Note that some countries have more than one dataframe of consumption,
distinguished by source; for example Malawi has consumption items
purchased as well as consumption items produced.  Here we focus on
consumption purchases, since one of our immediate aims is to infer
prices paid.



### Step 1: Acquire DataFrames



Here are addresses of google sheets for different dataframes for the
case of Niger:



In [1]:
InputFiles = {'Expenditures':('1ySP8lrXlQ2ChaMdz0HQY85Md65cRRKOZgz-T0zBN2K0','Expenditures'),
              'Consumption':('1kr2NI57xiTQm20A_68NEcLKihVTJw2ZgWCwV98ZD4JE','Consumption'),
              'HH Characteristics':('1ySP8lrXlQ2ChaMdz0HQY85Md65cRRKOZgz-T0zBN2K0','HH Characteristics'),
              'FCT':('1TM7FpKURXFAuXW4dLpGt98QA2CH4WTDty-4nPOUv1Mg','05 NV_sum_57 (per 100g EP)')}

Note that the food items for the FCT for Niger are **not** yet matched
up with food labels indexed by `i` in the expenditure and consumption datasets.



In [1]:
from eep153_tools import read_sheets
import numpy as np
import pandas as pd

def get_clean_sheet(key,json_creds,sheet=None):

    df = read_sheets(key,json_creds,sheet)
    df.columns = [c.strip() for c in df.columns.tolist()]

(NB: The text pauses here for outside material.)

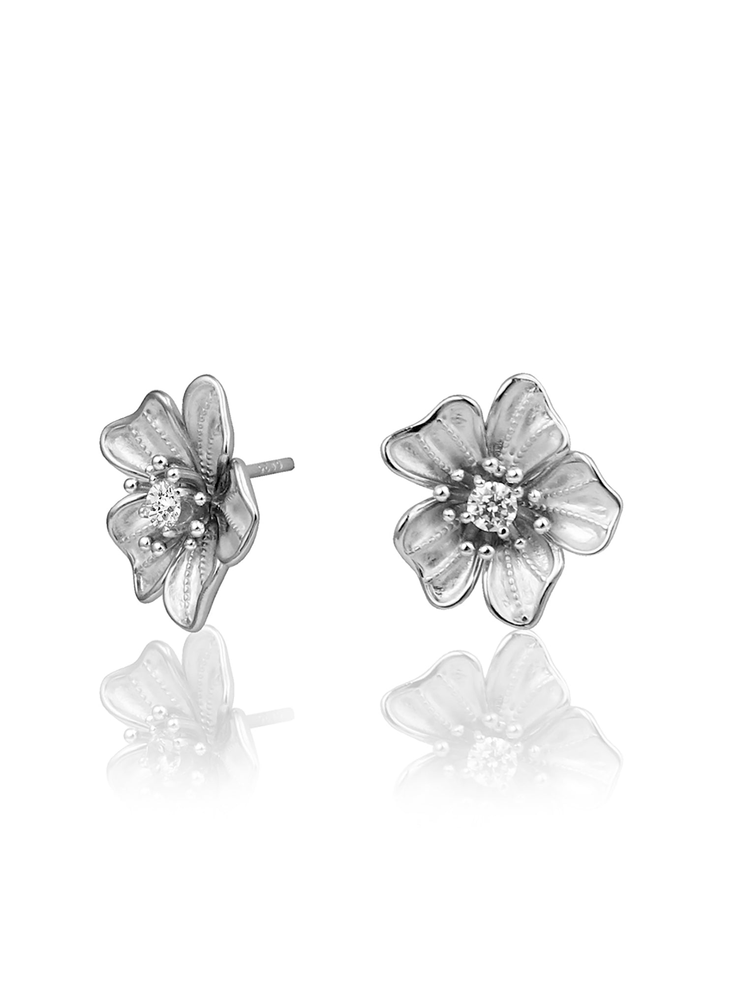 Silver Blossom Floral Studs 925 Sterling Silver Earrings

    df = df.loc[:,~df.columns.duplicated(keep='first')]   

    df = df.drop([col for col in df.columns if col.startswith('Unnamed')], axis=1)

    df = df.loc[~df.index.duplicated(), :]

    return df

# Get expenditures...
x = get_clean_sheet(InputFiles['Expenditures'][0],
                    json_creds='../students-9093fa174318.json',
                    sheet=InputFiles['Expenditures'][1])

if 'm' not in x.columns:
    x['m'] = 1

x = x.set_index(['j','t','m'])
x.columns.name = 'i'

x = x.apply(lambda x: pd.to_numeric(x,errors='coerce'))
x = x.replace(0,np.nan)

# Get HH characteristics...
z = get_clean_sheet(InputFiles['HH Characteristics'][0],
                    json_creds='../students-9093fa174318.json',
                    sheet=InputFiles['HH Characteristics'][1])

if 'm' not in z.columns:
    z['m'] = 1

z = z.set_index(['j','t','m'])
z.columns.name = 'k'

z = z.apply(lambda x: pd.to_numeric(x,errors='coerce'))

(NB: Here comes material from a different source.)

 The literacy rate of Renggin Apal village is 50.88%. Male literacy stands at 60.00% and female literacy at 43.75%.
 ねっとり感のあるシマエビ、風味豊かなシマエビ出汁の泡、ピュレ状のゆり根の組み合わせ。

# Get purchased consumption quantities
q = get_clean_sheet(InputFiles['Consumption'][0],
                    json_creds='../students-9093fa174318.json',
                    sheet=InputFiles['Consumption'][1])

if 'm' not in q.columns:
    q['m'] = 1

q = q.set_index(['j','t','m','u'])
q.columns.name = 'i'

q = q.apply(lambda x: pd.to_numeric(x,errors='coerce'))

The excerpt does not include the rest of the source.